The recent controversy surrounding the Federal Judicial Center's (FJC) fourth edition of the Reference Manual on Scientific Evidence highlights a troubling pattern of institutional bias creeping into the judiciary on the issue of climate change. Released earlier in 2026 with a foreword by Supreme Court Justice Elena Kagan, this roughly 1,600-page tome is positioned as a neutral, "gold-standard" resource to help US federal judges grapple with complex scientific evidence in litigation. Yet its section on climate science has drawn sharp rebukes from legal experts and critics as "shocking and inappropriate" for injecting what appears to be one-sided advocacy rather than balanced education.

From a climate sceptic perspective, this manual exemplifies how activist-driven narratives are being laundered through ostensibly authoritative channels to predispose judges toward alarmist claims in ongoing and future lawsuits — particularly those targeting fossil fuel companies over alleged climate harms. The climate chapter cites and footnotes prominent figures in the climate litigation ecosystem, including climatologist Michael Mann (known for the controversial "hockey stick" graph and aggressive advocacy) and Jessica Wentz, a key figure at Columbia's Sabin Center for Climate Change Law and tied to the Environmental Law Institute's (ELI) Climate Judiciary Project (CJP). These are are deeply invested in promoting the narrative that human-caused climate change is catastrophic, urgent, and actionable through the courts.

Critics argue this blurs — or outright erases — the line between objective judicial education and indoctrination. A resource meant to equip judges with tools to evaluate evidence fairly instead risks priming them to accept alarmist assumptions as settled fact: that climate change is overwhelmingly anthropogenic, that models projecting doom are reliable, and that concepts like the "social cost of carbon" should guide damage calculations in litigation. Such framing effectively prejudges key disputes in climate nuisance cases, where defendants (energy producers) challenge attribution, foreseeability, and the propriety of judicial remedies for global phenomena better left to policy branches.

This isn't isolated. It ties into broader concerns about the ELI's CJP, which has faced scrutiny from the House Judiciary Committee (under Chairman Jim Jordan) for allegedly improper influence via seminars, curricula, and materials aimed at judges. Republican-led probes, including letters demanding records, highlight how such programs may violate judicial ethics by exposing judges to one-sided content from parties with stakes in pending litigation. A coalition of 27 state attorneys general (led by West Virginia) has gone further, demanding the manual's withdrawal due to its authorship and sourcing by litigation proponents. They point out that the climate section relies on biased research and effectively endorses plaintiff-favourable positions, undermining impartiality.

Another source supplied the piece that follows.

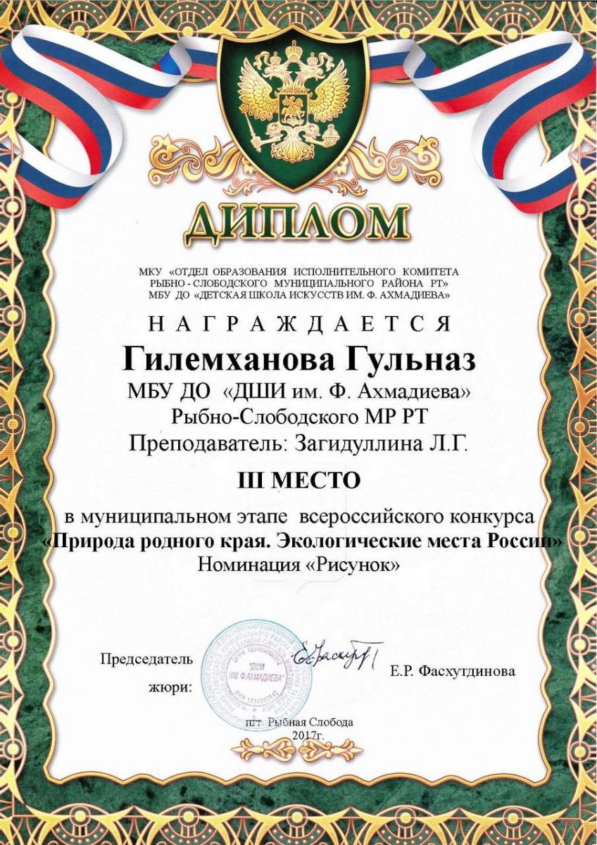 Гилемханова Гульназ - Диплом III-й степени муниципального этапа Всероссийского конкурса "Природа родного края. Экологические места России" в номинации "Рисунок"(2017г.)
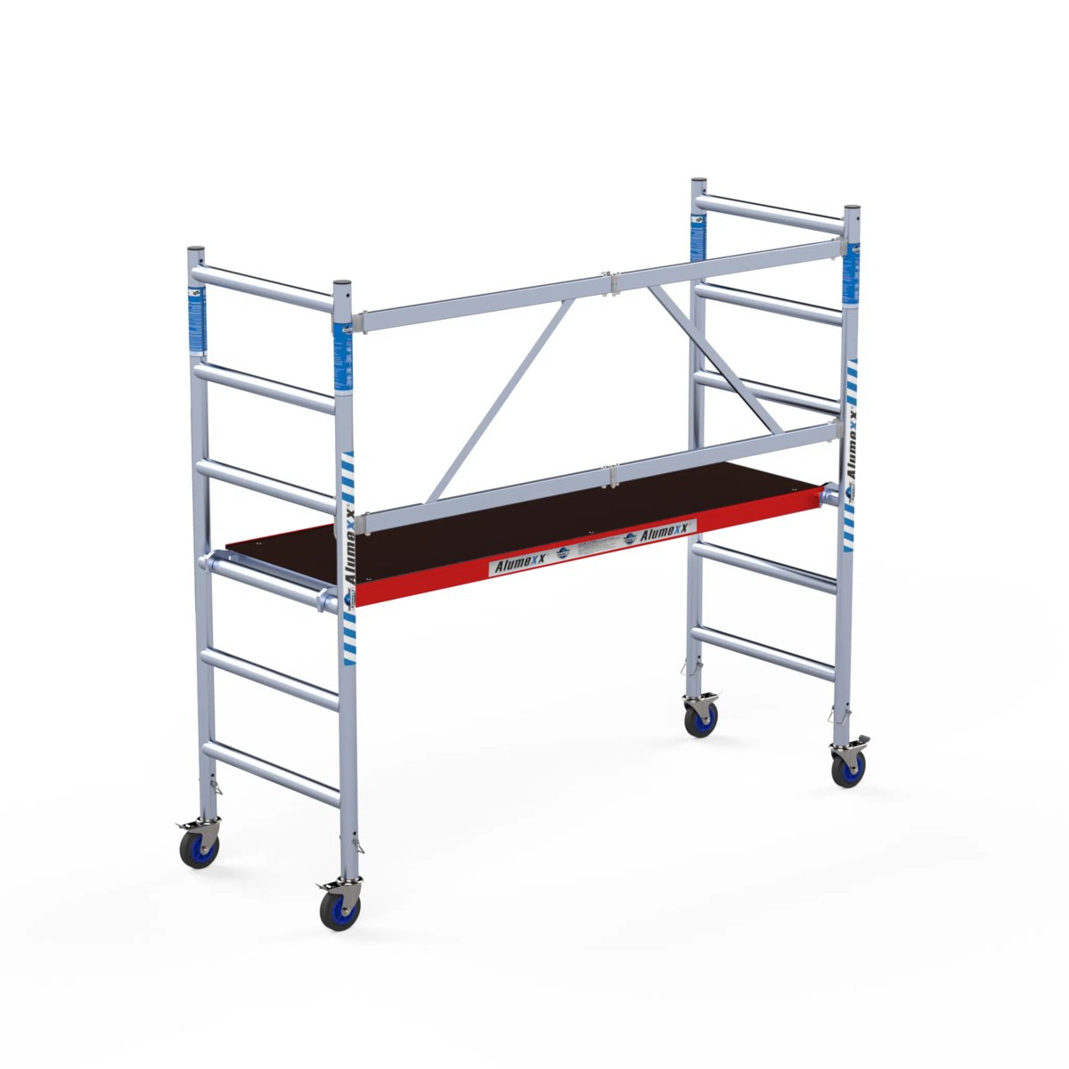 Alumexx Zimmergerüst Smart Red, eine preisgünstige Variante der Zimmergerüste Das Faltgerüst zeichnet sich durch seine extreme Robustheit aus und ist sowohl für den Innenbereich als auch für den Einsatz im Freien bestens geeignet. Dank des stabilen und einfach zu bedienenden Faltsystems lässt es sich in nur einer Minute vollständig aufbauen und ist sofort einsatzbereit. Die Aluminiumrohre haben einen besonders großen Durchmesser von 50 mm, was zusätzliche Stabilität gewährleistet. Ausgestattet mit vier bremsbaren Rollen von 125 mm Durchmesser und einer leichten, hochwertigen Plattform ohne Luke, bietet das Gerüst höchste Flexibilität und Sicherheit. Es entspricht der DIN-EN1004-Norm und ist TÜV-zertifiziert.Lieferumfang: 1x Falteinheit mit 6-Sprossen-Rahmen 1x Plattform Red ohne Luke 4x Doppelbremsrolle 125 mm 4x Verriegelungsclip

Sceptics see this as part of a concerted strategy: use "educational" tools to shape judicial worldview before cases even hit the docket. Climate litigation often hinges on Daubert hearings (assessing expert testimony reliability) or motions to dismiss — precisely where a manual like this could sway outcomes. If judges internalise that dissent on aspects of climate science is fringe or unworthy of serious consideration, it stacks the deck against balanced adjudication. This echoes historical concerns about judicial capture, where extrajudicial influences erode the separation of powers — courts shouldn't be nudged toward policy outcomes (like massive wealth transfers via climate damages) that belong to elected legislatures.

True neutrality would require balanced sourcing: including perspectives from scientists questioning aspects of mainstream models (e.g., on climate sensitivity, natural variability, or model hindcasting failures), or economists critiquing integrated assessment models underlying "social cost" figures. Instead, the manual's apparent reliance on advocacy-linked contributors risks turning judicial education into a vector for activism.

In an era where climate lawsuits seek to bypass democratic processes and impose sweeping economic changes, any hint of bias in judicial resources is deeply problematic. The judiciary must remain a neutral arbiter, not an extension of environmental campaigns. Calls to retract or revise this section — and greater transparency around programs like CJP — are warranted to preserve public confidence in the courts. Until then, this episode reinforces the sceptic view: the push for "climate justice" through law often prioritises ideology over evidence and impartiality.